*** Opening of Data for this exercise ***

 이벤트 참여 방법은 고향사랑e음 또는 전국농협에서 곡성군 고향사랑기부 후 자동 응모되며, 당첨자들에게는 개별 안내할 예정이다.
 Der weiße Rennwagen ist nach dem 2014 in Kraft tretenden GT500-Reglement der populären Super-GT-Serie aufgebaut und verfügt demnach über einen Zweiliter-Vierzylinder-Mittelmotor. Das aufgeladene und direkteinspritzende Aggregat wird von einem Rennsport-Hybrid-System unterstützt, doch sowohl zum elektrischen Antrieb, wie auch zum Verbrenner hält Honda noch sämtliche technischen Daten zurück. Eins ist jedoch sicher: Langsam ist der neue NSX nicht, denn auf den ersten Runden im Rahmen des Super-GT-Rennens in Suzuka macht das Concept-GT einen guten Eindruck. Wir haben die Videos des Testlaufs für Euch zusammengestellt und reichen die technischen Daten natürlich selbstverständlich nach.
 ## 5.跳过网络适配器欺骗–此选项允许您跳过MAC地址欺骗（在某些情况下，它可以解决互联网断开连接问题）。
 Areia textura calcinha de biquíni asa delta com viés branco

*** Close of Data for this exercise ***
*** Opening of Data for this exercise ***

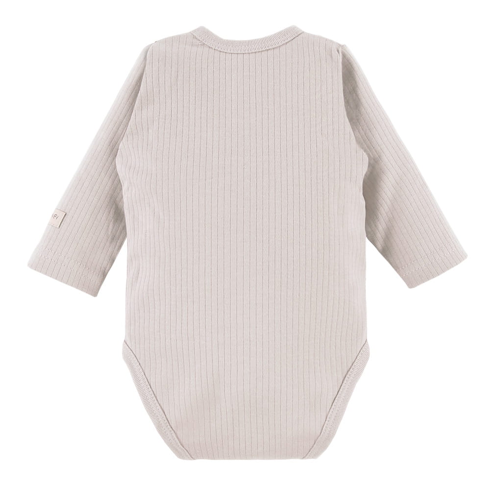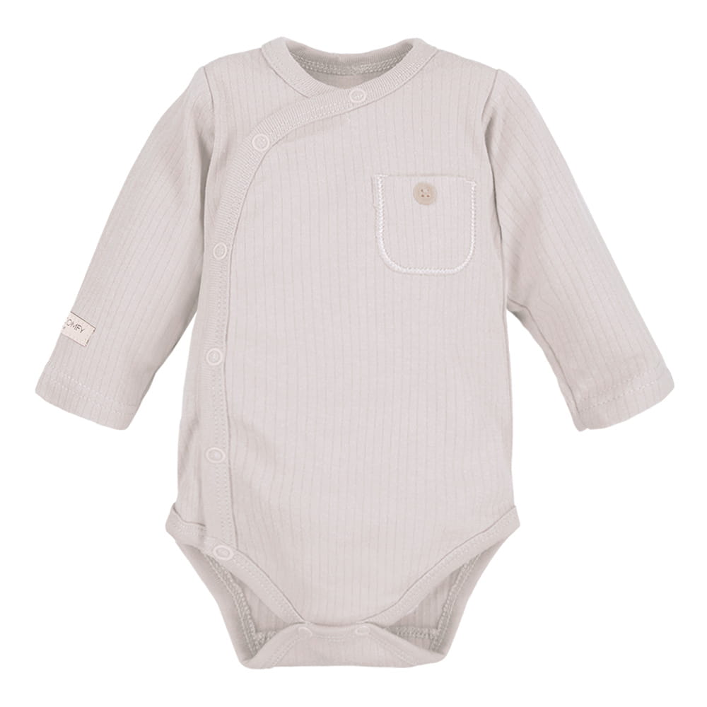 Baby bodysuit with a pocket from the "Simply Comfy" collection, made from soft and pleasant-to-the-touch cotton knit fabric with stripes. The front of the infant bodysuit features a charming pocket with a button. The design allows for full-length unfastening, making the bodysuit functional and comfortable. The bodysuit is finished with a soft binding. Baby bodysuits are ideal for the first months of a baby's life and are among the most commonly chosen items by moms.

*** Close of Data for this exercise ***

In the listing above, find the line with "이벤트 참여 방법은 고향사랑e음" and the line with "Areia textura calcinha", then print exactly those two lines and every line between them, and nothing more.

 이벤트 참여 방법은 고향사랑e음 또는 전국농협에서 곡성군 고향사랑기부 후 자동 응모되며, 당첨자들에게는 개별 안내할 예정이다.
 Der weiße Rennwagen ist nach dem 2014 in Kraft tretenden GT500-Reglement der populären Super-GT-Serie aufgebaut und verfügt demnach über einen Zweiliter-Vierzylinder-Mittelmotor. Das aufgeladene und direkteinspritzende Aggregat wird von einem Rennsport-Hybrid-System unterstützt, doch sowohl zum elektrischen Antrieb, wie auch zum Verbrenner hält Honda noch sämtliche technischen Daten zurück. Eins ist jedoch sicher: Langsam ist der neue NSX nicht, denn auf den ersten Runden im Rahmen des Super-GT-Rennens in Suzuka macht das Concept-GT einen guten Eindruck. Wir haben die Videos des Testlaufs für Euch zusammengestellt und reichen die technischen Daten natürlich selbstverständlich nach.
 ## 5.跳过网络适配器欺骗–此选项允许您跳过MAC地址欺骗（在某些情况下，它可以解决互联网断开连接问题）。
 Areia textura calcinha de biquíni asa delta com viés branco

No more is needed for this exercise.